Major schools of Islamic thought & jurisprudence
The four Sunni madhahib, principal Shia jurisprudence, the sources and methods of usul al-fiqh, and Pakistan's constitutional accommodation of sectarian diversity.
The architecture of Islamic jurisprudence
Islamic law (fiqh) is the jurist's human understanding of the divine law (Shariah). Its discipline of legal theory, usul al-fiqh, was systematised above all by Imam Muhammad ibn Idris al-Shafi'i (d. 820 CE) in his treatise al-Risala, which fixed the four agreed sources for Sunni Islam in descending authority:
- The Qur'an — the primary, uncreated source.
- The Sunnah — the normative practice of the Prophet Muhammad (d. 632 CE), transmitted as Hadith and graded by the science of isnad (chain of narration).
- Ijma (consensus) — the agreement of qualified scholars of a generation, grounded in the Prophetic report 'My community will not agree upon an error.'
- Qiyas (analogical reasoning) — extending a ruling from a textual case to a new case sharing the same effective cause (illa).

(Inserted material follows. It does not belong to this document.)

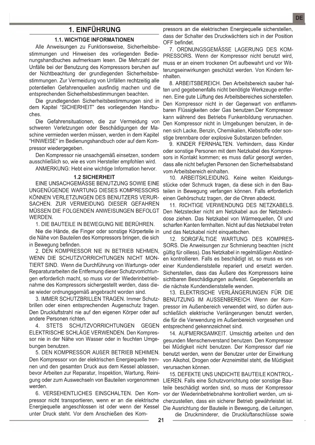 Beim Betrieb des Kompressors sämtliche Anweisungen des vorliegenden Handbuches beachten. Verhindern dass der Kompressor von Kindern oder von Personen benutzt wird, die mit seiner Funktionsweise nicht vertraut sind.

Beyond these four, schools deploy subsidiary instruments: istihsan (juristic preference, prominent in the Hanafi school), istislah / maslaha mursala (consideration of public interest, developed by the Maliki Imam al-Shatibi in al-Muwafaqat), urf (custom), and istishab (presumption of continuity).
Ijtihad and taqlid
The engine of legal development is ijtihad — the exertion of a qualified jurist (mujtahid) to derive rulings from the sources. Its counterpart is taqlid, the adherence of a lay follower (muqallid) to an established school. The medieval claim that 'the gate of ijtihad closed' after roughly the 4th Islamic century is now contested by historians such as Wael Hallaq, who demonstrated continuous juristic activity. Modern reformers — Jamal al-Din al-Afghani (d. 1897), Muhammad Abduh (d. 1905), and in the subcontinent Sir Sayyid Ahmad Khan (d. 1898) and Muhammad Iqbal — called for the reopening of ijtihad; Iqbal devoted the sixth lecture of The Reconstruction of Religious Thought in Islam (1930) to 'The Principle of Movement in the Structure of Islam,' arguing that a Muslim legislative assembly could exercise collective ijtihad.
The five categories of acts
All Sunni schools classify human acts into five legal values (al-ahkam al-khamsa): wajib/fard (obligatory), mandub/mustahabb (recommended), mubah (permissible), makruh (disliked), and haram (forbidden). The higher objectives of the law — the maqasid al-shariah — were articulated by al-Ghazali (d. 1111) and al-Shatibi as the preservation of religion (din), life (nafs), intellect (aql), lineage (nasl), and property (mal). This framework underpins contemporary debates on Islamic finance, bioethics, and constitutional law, and is a recurring high-yield theme for the CSS Islamic Studies paper.